Rep. Edcel Lagman to Supreme Court: Making Filipino an elective ‘unconstitutional’
MANILA, Philippines — Treating Filipino and Philippine literature as “optional subjects” in college is in direct contradiction to the 1987 Constitution, which makes the latest decision of the Supreme Court (SC) “unconstitutional,” an independent opposition lawmaker said yesterday.
“There is no alternative to fostering and inculcating nationalism and patriotism other than teaching Filipino and Philippine literature. Section 6 of Article XIV categorically mandates that the national language of the Philippines is Filipino,” Albay Rep. Edcel Lagman insisted.

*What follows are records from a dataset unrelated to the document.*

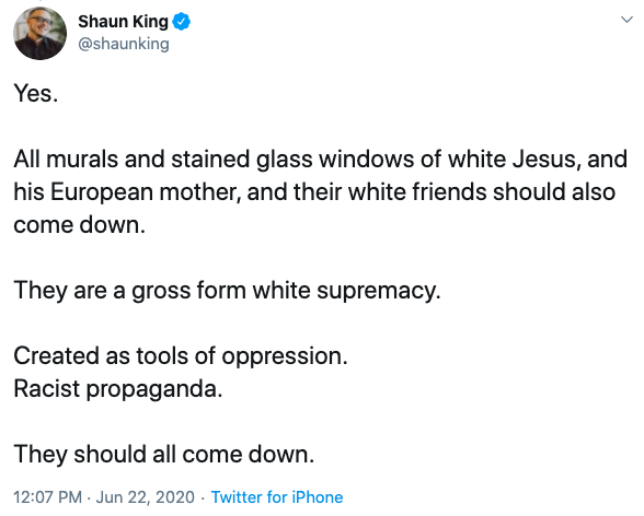 King continues in another tweet, saying, “Yes. / All murals and stained-glass windows of white Jesus, and his European mother, and their white friends should also come down. / They are a gross form white supremacy. / Created as tools of oppression. / Racist propaganda. / They should all come down.”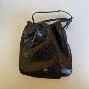 This simple and elegant black python leather 90s Gucci mini bag is the perfect mini bag for a night out or event. Drawstring handle drop bag.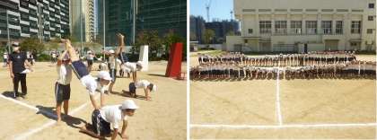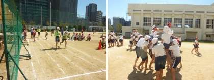 5・6年生は、個人走やリレー、団体競技の「騎馬戦」、団体演技の「組体操」を行いました。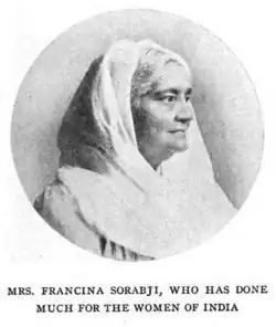 Francina Sorabji also ran a teacher-training program. She went to England to fundraise for her work in Poona in 1886, and testified before a British commission on education in India. She fostered orphans and welcomed widows and their children into her household. During an outbreak of plague in 1896, she helped to introduce preventive public health and sanitation practices in villages near Poona.[2]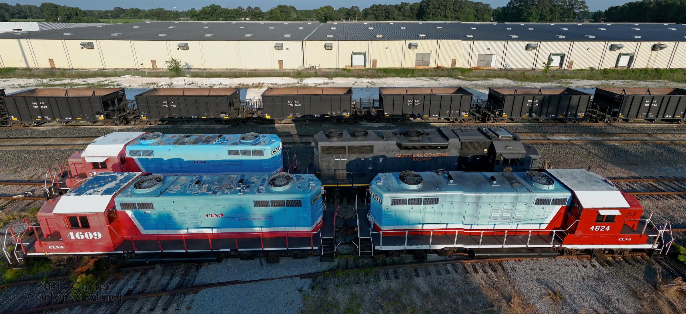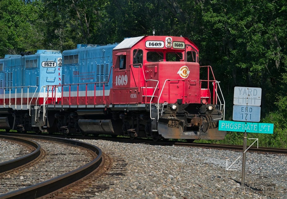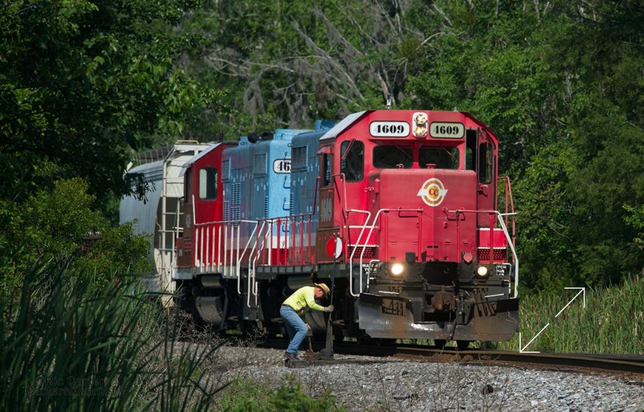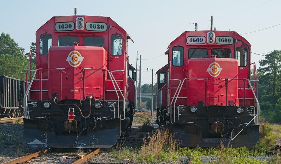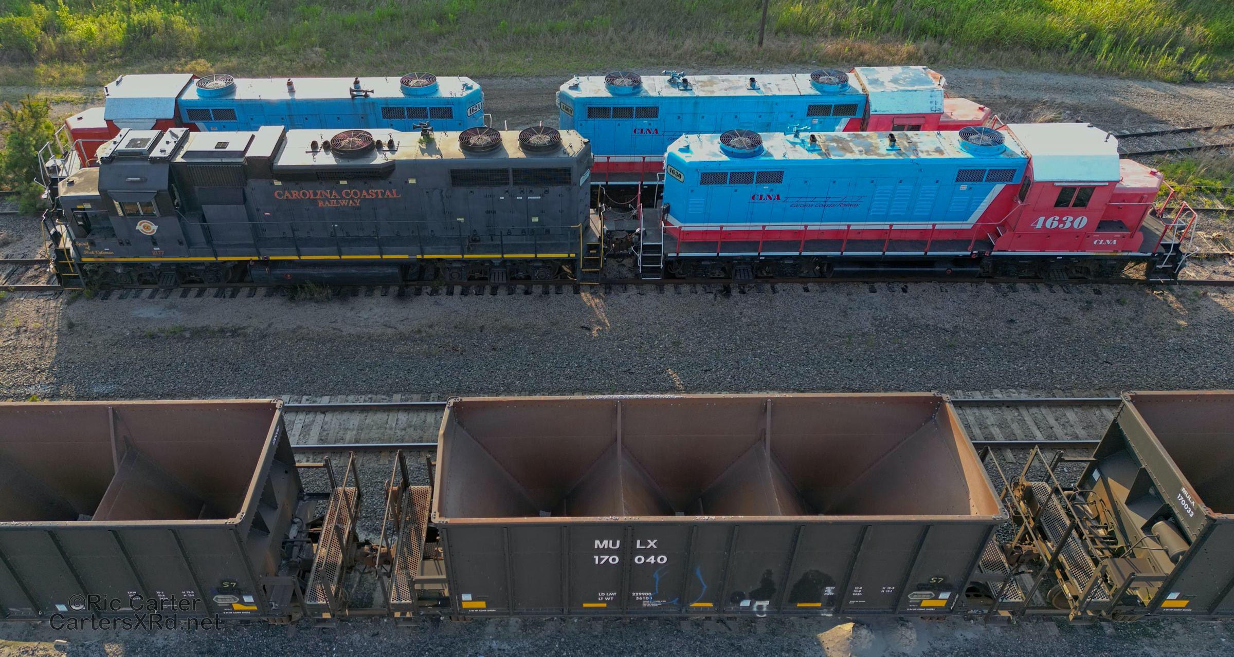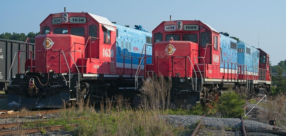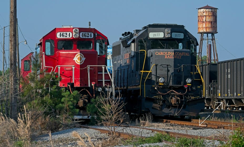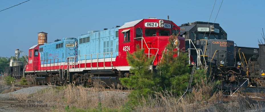All of this week’s set is from four locomotives. It was a rare overnight Chocowinity gathering of so much power from the local shortline. Here are the attendees and 119 making an early departure from the wye.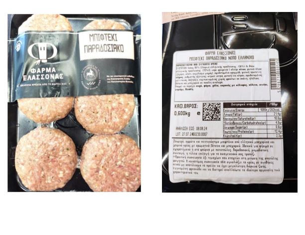 Ο Ε.Φ.Ε.Τ. και ειδικότερα η Περιφερειακή Διεύθυνση Κεντρικής Μακεδονίας, κατά τη διενέργεια ελέγχων στο πλαίσιο του Προγράμματος «Επίσημος Έλεγχος Μικροβιολογικών Κριτηρίων Ασφάλειας Τροφίμων» έτους 2024, προέβη σε δειγματοληψία νωπού παρασκευάσματος κρέατος (χοιρινό-βοδινό) με τα στοιχεία: «ΜΠΙΦΤΕΚΙ ΠΑΡΑΔΟΣΙΑΚΟ ΝΩΠΟ» βάρους 0,600 κιλών, με ημερομηνία παρασκευής: 27/07/2024 LOT 27.07.2024 60230007 και ημερομηνία ανάλωσης έως: 08/08/2024. Παρασκευαστής/Συσκευαστής: «ΚΑΣΙΔΗΣ Α.Ε» με διακριτικό τίτλο «ΦΑΡΜΑ ΕΛΑΣΣΟΝΑΣ».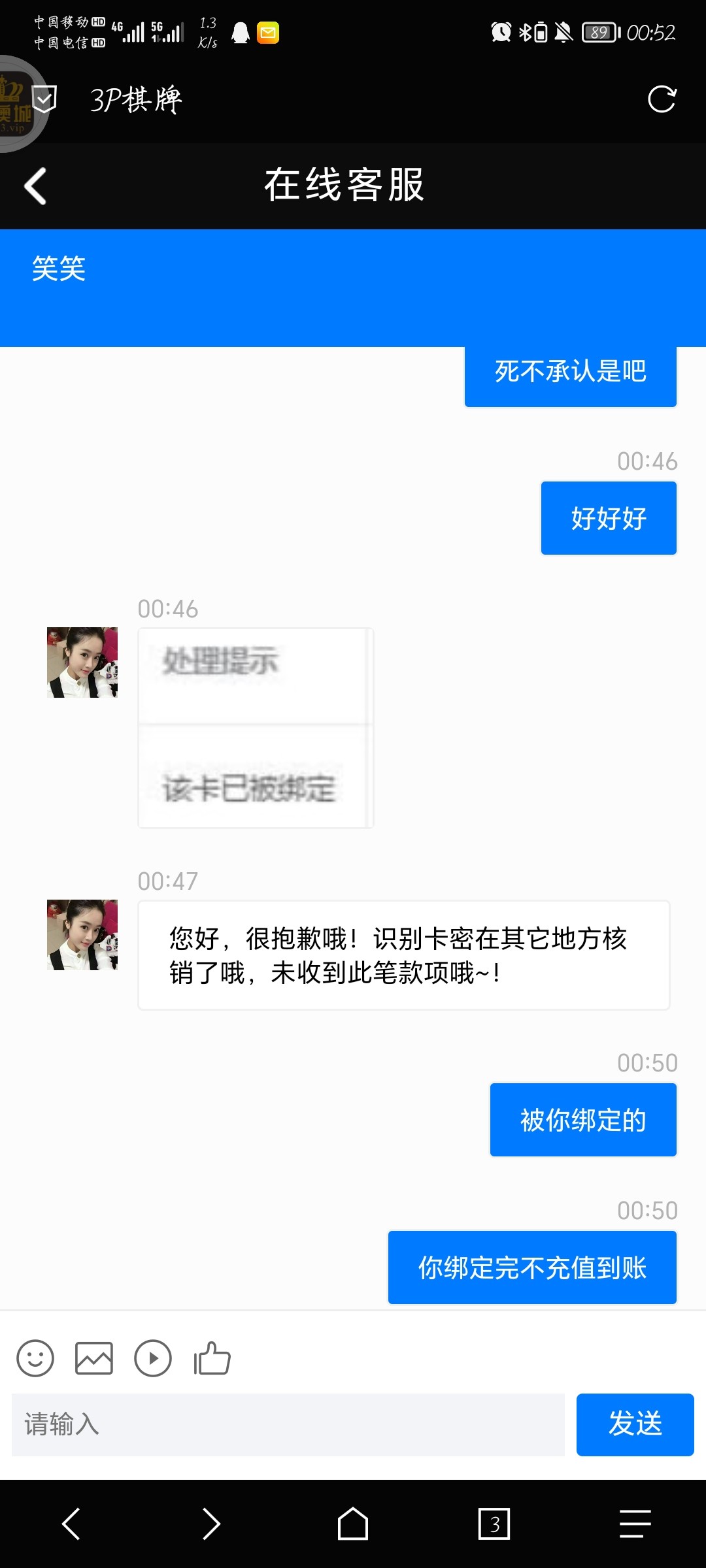 200e卡提交充值没两分钟就绑定了,死不承认

In a statement, the lawyer-legislator pointed out that the SC’s “downgrading” of Panitikan as “merely elective or optional subjects in college is unconstitutional and anti-youth.”
“It is an aberration that the teaching of Filipino, which is the national language, is only elective while teaching of a foreign language like English is compulsory,” the veteran Bicolano lawmaker asserted.
“Language involves muscle memory. You lose it if you don’t use it,” Lagman argued further, invoking that contrary to the SC ruling, the constitutional “provision does not need an implementing statute for its enforcement.”
This is not the first time he has assailed collegial decisions of the tribunal, where he lost in a number of cases, among them the removal of chief justice Ma. Lourdes Sereno through a quo warranto petition and not through impeachment and the extension of martial law in Mindanao.
“Since the SC is the final arbiter of legal issues, it could be supreme even in its errors,” Lagman said in August 2017 when he, along with the rest of civil society, lost in their attempt to block the burial of the late dictator Ferdinand Marcos at the Libingan ng mga Bayani.